I am continuing to enjoy sketching my tea things and Gideon. These were done outside with much more moving around and stick chasing. He's excellent entertainment if a somewhat wiggly muse. I'm still doing as much on the back porch as I can while the weather is good. I spent one whole day out there mailing out calendars, and on the days when I have indoor work, meals on the porch give Gideon time to poke around and have a good time at intervals.
Today was gorgeous, and I noticed while walking Gideon that there were pumpkins decorating the Higbee memorial at the park. I took a longer walk for myself (he can only go so far at a time, or at least, is only allowed to with his heart condition), and I took my sketching things over with me. In keeping with Inktober, I used walnut ink and Inktense pencils with only a bit of watercolor on top. At dinner I sketched a tiny flower in one of my smallest cream pitchers, found at a street market in Paris years ago. That kept me outside a little longer for Gideon to play. Now, however, I've painted and mailed calendars and sketched and done some business and scanned these in, so I'm going to collapse into the sofa with my book for the rest of the evening.
I had a ton of printing and scanning to do to turn preliminary images into WAMA for the show next year. I took a few days off Inktober, but mostly I have really enjoyed the reminder to sketch regularly and play with my dip pen and walnut ink (and a red marker for the pot). I'm also getting into a rhythm of having my materials next to my place at the island where I can sketch Gideon. I always used to draw Mr. Darcy on the couch, where he would settle in with me, but Gideon isn't as snuggly and prefers to be on his own on the floor. So this is where I get a good view of him when he's calm and sketchable.
I also sketched my new enamel pot yesterday. After the deadline I've really enjoyed a few quiet days -- doing a little painting for my own pleasure, visits with friends, and cooking a pot of spaghetti gravy yesterday. My old soup pot was aluminum, and I've been looking at a replacement. This isn't one of the fancy brand name enamel ones, but it's a gorgeous cherry red and gets the job done. I was delighted to find it at Target last week.
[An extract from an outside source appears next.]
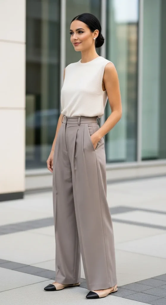 8. Fine Knit Sleeveless Top with Pleated Trousers
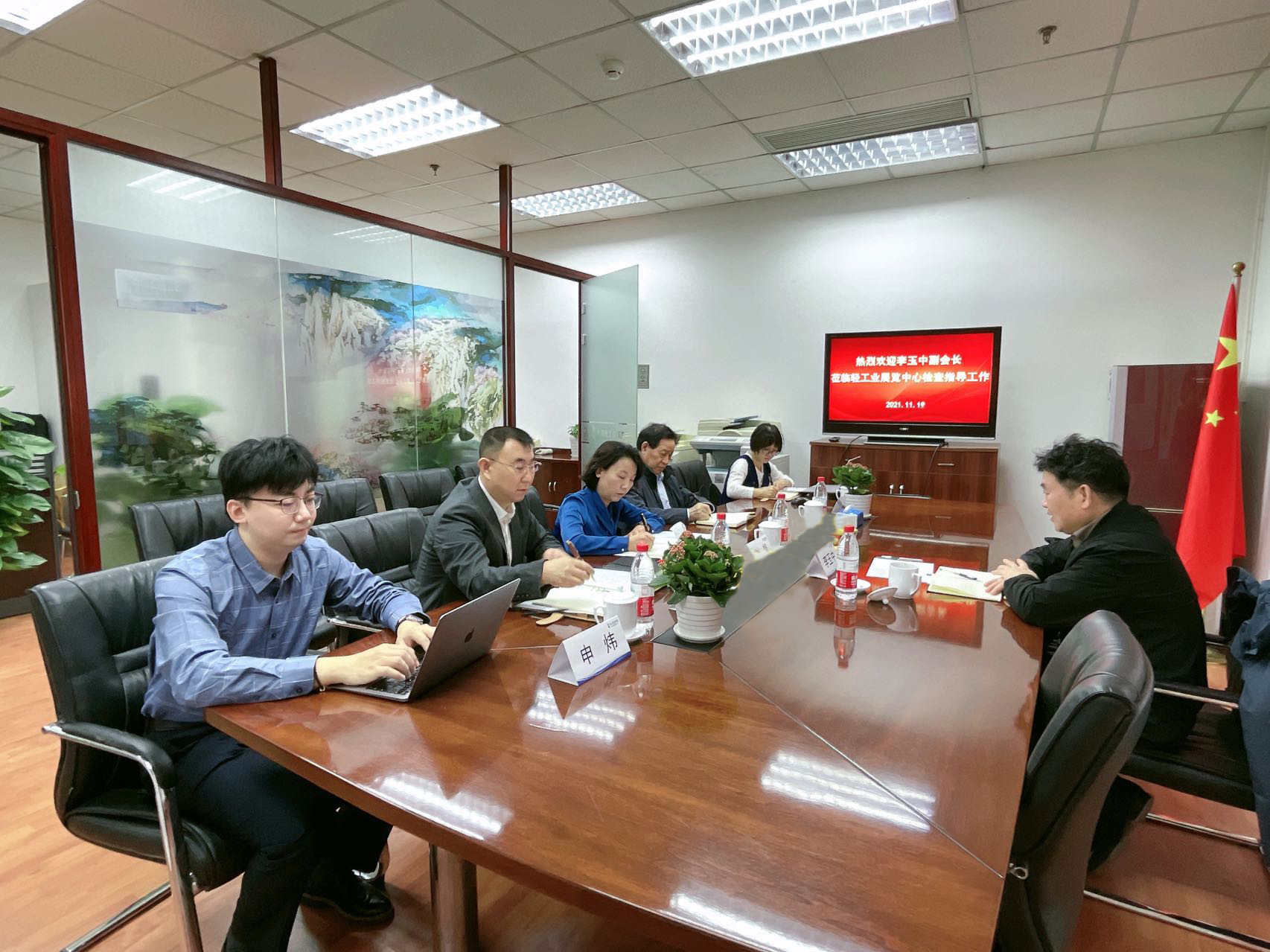 2021年11月19日11月19日上午,中国轻工业联合会李玉中副会长到轻工业展览中心调研指导工作并召开座谈会,展览中心主任谢帆、副主任方新堂,以及办公室(党办)、展览工作处、信息培训处等部分处级干部参加座谈。

Below is a sketch from a meeting about saving the Greensward. Again. I can't believe we're in round 43 of this. We met outside at the gorgeous old Memphis Heritage building, and I sketched it waiting for everyone to show up. I'd biked over and left extra time, not knowing exactly how long that would take. A sketchbook is always a good companion.
It's been an exciting week around here. I worked on a graphic essay about the zoo's land grab for Overton Park's Greensward, the one huge, escape-from-the-city meadow, several years ago. Then the zoo and city backed off, despite the council having handed them several acres of it, and plan to raze about 85 trees and raise the parking lot up level with the meadow so everyone is staring at car bumpers instead of trees and sky. Then, in an underhanded Friday 5pm news dump, they announced they're going ahead with construction anyway. So I updated this essay and sent it off to a couple of publications. They're both in the same publishing family and BOTH decided to use it. I was delighted. You can read the full essay at Memphis Magazine or the Memphis Flyer (our weekly paper).
I'm sad for the reason but delighted to see this essay in print. It was the first graphic essay I had worked on, and I really love the story telling mix of paint and text.
Martha Kelly is an artist and illustrator who lives and works in Memphis, Tennessee.